Since I no longer have a failing test, I need to introduce an error that is currently not caught:
x.and_then(|o| if o < 0 { Some(-o) } else { Some(o) }); //~ERROR Consider using _map(_)
Now here is where it gets tricky. I have to make sure that everything
the closure returns is a Some(_)
. This means I have to care about
- Blocks – check their statements for early returns, and their final expressions for a result
- If-Expressions – check both paths
- Nested Closures – this means we need to use something akin to a depth, because return statements will only return from the deepest closure
I’m going to tackle this one by one. First, I need to check a block. So
I replace the false
in the second match
arm with is_block_some(cx,
block)
and create a function that iterates over the statements and
also checks the final expression of the block:
fn is_block_some(cx: &Context, block: &Block) -> bool {
block.stmts.iter().all(|stmt| is_expr_not_ret(cx, stmt, false)) &&
block.expr.map_or(true, |expr| is_expr_some(cx, expr))
}
Now is_statement_some(..)
must check for early returns, returning
false
only if an early return of None
is detected, while
is_expr_some(..)
needs to be much more involved because of closures,
returns, branches and loops.
For statements, we just check if there is an early return that is not
Some(_)
. We also abort on encountering macros. Lints are invoked
before and after macro expansion, so this is a sensible thing to do.

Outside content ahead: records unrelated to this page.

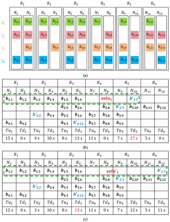 Example analysis: To facilitate understanding, this paper elucidates Algorithm 1 through an example. As shown in Figure 5a, there are 4 failed strips: , , , and . The cluster, which employs RS(6,3) encoding, consists of 6 racks and 12 nodes. Figure 5a and Table 3 display the data block layout and the transmission times between racks, respectively. Assume data blocks , , , and are damaged. From Figure 5b, it can be observed that rack has the maximum download time ( = MT = 27 s), and there are two strip recovery schemes that select rack to store the recovery blocks. Therefore, the recovery process is constrained by the downlink of rack . To reduce the download time of , rack is chosen as the rack to store the recovery blocks for ′, and ′ is used to replace in Figure 5c. As a result, the Maximum Transfer Time MT of the new recovery scheme in Figure 5c is reduced to 13 s.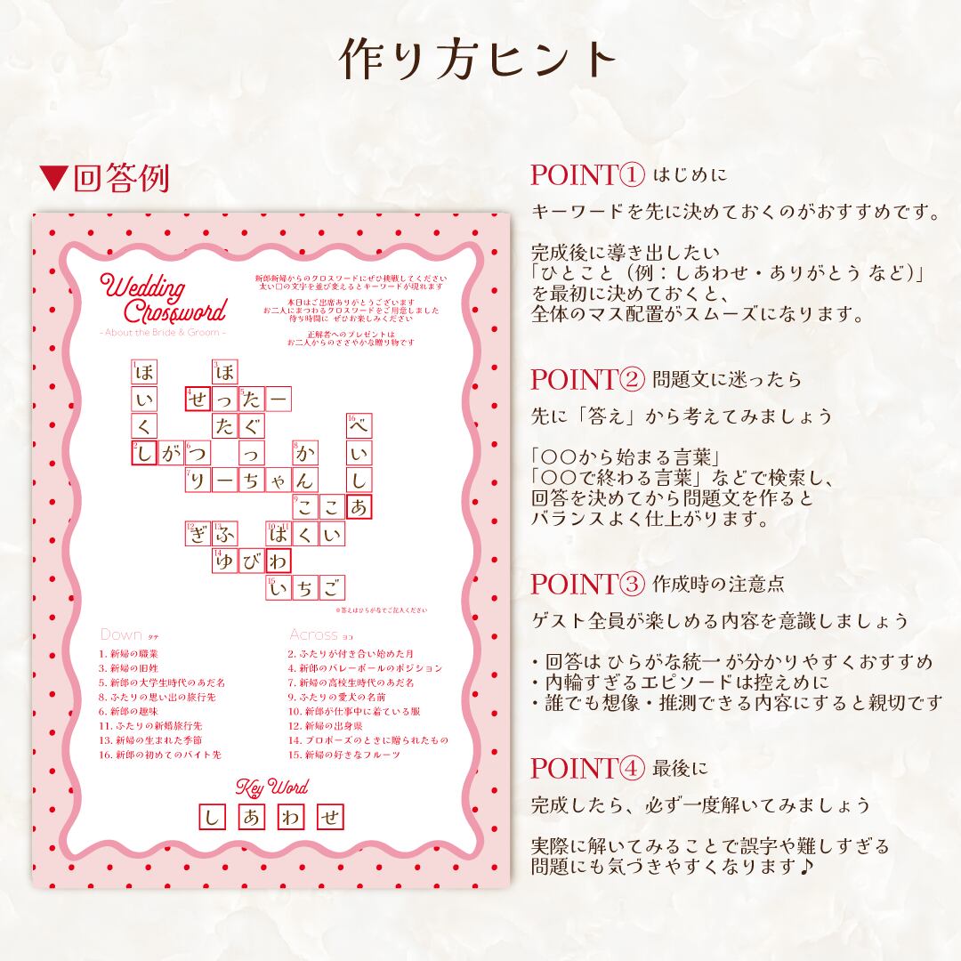 1枚100円クロスワード【ピンク×赤】 No. 277 WEDDING CROSSWORD ゲスト参加型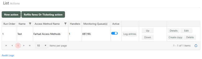 Any changes (additions/modifications/deletes) to monitoring queues, criteria and handlers of actions are captured as part of the audit log for actions. Note additions, modifications and deletions of handlers including custom handlers will be available in the audit log.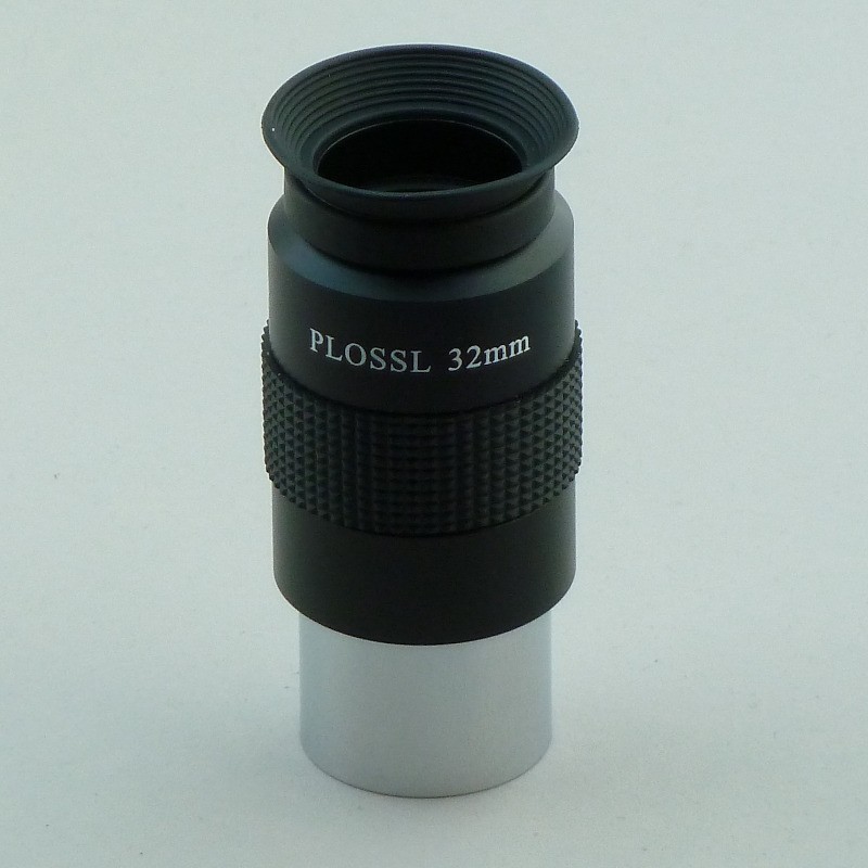 This 1.25" 32mm Plossl with 52 degrees apparent field and symmetrical design has low aberrations and great color correction, making it a good choice for lunar-planetary and general use. Although limited in field of view, the single airspace enhances it's contrast performance. Fully multicoated. Includes eyeshield and rubber grip.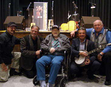 Tim White, host of the PBS program Song Of The Mountains, sent along this photo and story about Larry getting a night out recently to hear some bluegrass.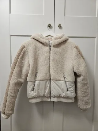 Abrigo de niña de la marca IKKS, perfecto para mantenerla abrigada con estilo. - Diseño acolchado en la parte inferior. - Tejido tipo borreguito en la parte superior y mangas. - Cremallera frontal. - Bolsillos con cremallera.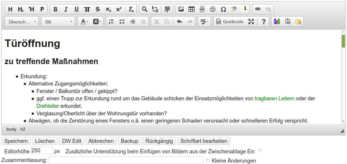 - Kopierten Text aus Microsoft Word einfügen. Der Text wird soweit wie möglich in die Möglichkeiten des Wiki-Codes überführt, allerdings können verständlicherweise nicht alle Funktionen aus Word in das Wiki übernommen werden.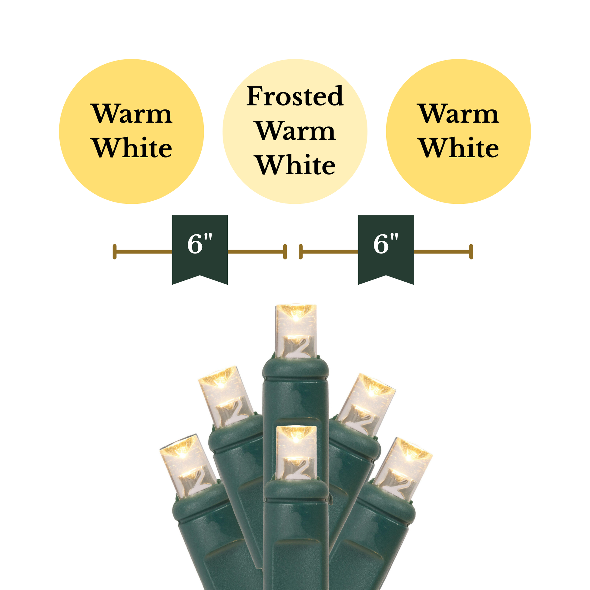 Enhance your holiday décor with this 25-foot light strand featuring 50 warm white frosted LED bulbs on a green wire with 6" spacing. The frosted finish provides a soft, inviting glow, perfect for creating a cozy atmosphere both indoors and outdoors. With energy-efficient LED technology and durable construction, this light set is designed to last throughout the season.
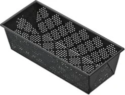 Das Lieblingsbrot einfach selber backen, das gelingt mit den perforierten Brotformen der Serie Inspiration. Dank der CrispTec Perforierung werden die Brote noch krosser, und die Krume bleibt schön weich. Die vier Seiten und der Boden der Form sind perforiert, die heiße Luft zirkuliert besser, und Feuchtigkeit kann entweichen. Dadurch wird die Kruste überall knusprig, und der Boden wird nicht weich. Die rechteckigen Formen gibt’s in zwei verschiedenen Größen, sie sind mit einer sauerteigbeständigen Antihaftbeschichtung versiegelt. In den schwarzen Formen backt der Teig locker, erhält eine gleichmäßige Bräunung und lässt sich leicht aus der Form lösen, ohne anzubacken. Die hochwertige Verarbeitung aus antihaftbeschichtetem. Die Formen werden per Handwäsche gereinigt.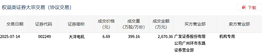大洋电机今日大宗交易折价成交399.16万股,成交额2670.36万元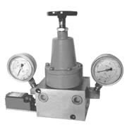 本閥為二位四通自動液壓換向閥,上平面設(shè)有兩塊壓力表和調(diào)壓手輪。換向壓力由手輪調(diào)節(jié),順時針壓力升高,反之壓力降低。本閥門進油口P與泵出油口連接,回油口R接貯油桶,供油口Ⅰ、Ⅱ分別與兩條供油管路連接。工作時當(dāng)Ⅰ路油壓達設(shè)定壓力,換向閥自動切換到Ⅱ路,這樣潤滑泵就能循環(huán)往復(fù)地向兩條管路供送潤滑脂。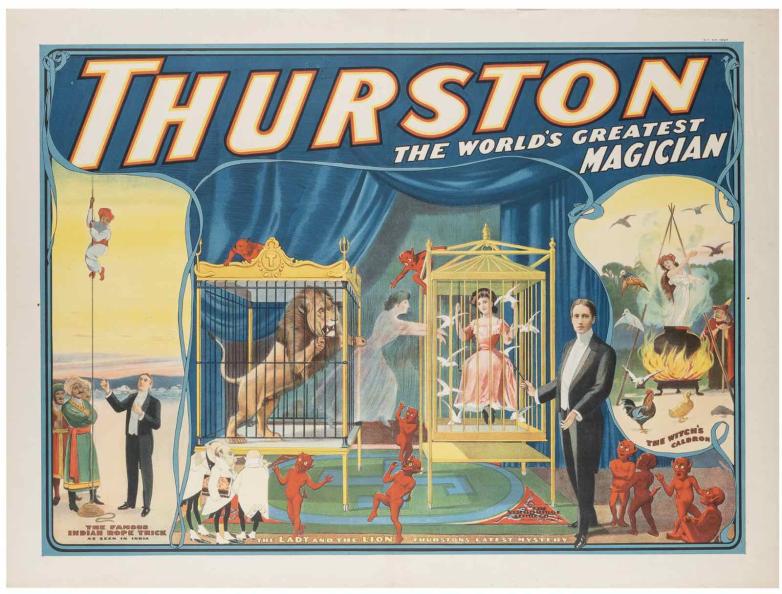 Potter & Potter's Late Summer Magicana Auction realized nearly $425,000 with a 99% sell through rate. Sale highlights included Thurston the World’s Greatest Magician. The Lady and the Lion. Estimated at $10,000-15,000 and eventually making $43,200, this one-sheet poster depicted three illusions from early in Thurston’s career. It was published by the Strobridge Litho. Co. in 1909.

fn is_statement_some(cx: &Context, stmt: &Stmt) -> bool {
match stmt.node {
StmtDecl(ref decl, _) => {
if let DeclLocal(ref local) = decl.node {
local.init.as_ref().map_or(true,
|expr| is_expr_not_ret_none(cx, &*expr))
} else { true }
},
StmtExpr(ref expr, _) | StmtSemi(ref expr, _) =>
is_expr_not_ret_none(cx, &*expr),
StmtMac(_, _) => true // abort when matching on macros
}
}
This needs an is_expr_not_ret_none(..)
function, which I will write
later. First come expressions, which are much more varied:
fn is_expr_some(cx: &Context, expr: &Expr) -> bool {
match expr.node {
ExprPath(_, ref path) =>
match_segments(path, &["core", "option", "Option", "Some"]),
ExprCall(ref path, ref args) => is_expr_some(cx, path) &&
args.iter().by_ref().all(|e| is_expr_not_ret_none(cx, &*e)),
ExprBlock(ref block) | ExprClosure(_, _, ref block) =>
is_block_some(cx, block),
ExprIf(_, ref block, ref else_expr) =>
is_block_some(cx, block) && else_expr.as_ref().map_or(false,
|e| is_expr_some(cx, &*e)),
ExprRet(ref ret) =>
ret.as_ref().map_or(false, |e| is_expr_some(cx, &*e)),
_ => {
cx.sess().note(&format!("is_expr_some: no match: {:?}",
expr));
false
}
}
}
Finally, here is my naive method to check if an expression is an early return:
fn is_expr_not_ret_none(cx: &Context, expr: &Expr) -> bool {
if let ExprRet(ref ret) = expr.node {
ret.as_ref().map_or(false, |e| is_expr_some(cx, &*e))
} else { true }
}
Now I’m pretty sure that there are still some false positives or
negatives to be taken care of. At least I can now replace my primitive
is_some
function by is_expr_some
and it still works for my tests.
I will need to match more Expr
variants both in is_expr_some(..)
as well as is_expr_not_ret_none(..)
to catch inner early returns. It
may well be that I need to introduce more machinery to the code to
catch corner cases. However, this has dragged on for long enough, so
I’m going to flesh out the code later.
I hope this post has given you a bit of insight into lint development in Rust. While my techniques may be naive – after all, I have but a few weeks of experience in that language – they certainly yield results, as I have written some 15 lints now, many of them useful.
If you have suggestions on how to improve either my lints, my workflow or my writing, I’ll be glad to hear them. And if I have whetted your appetite for writing Rust lints, join us at rust-clippy.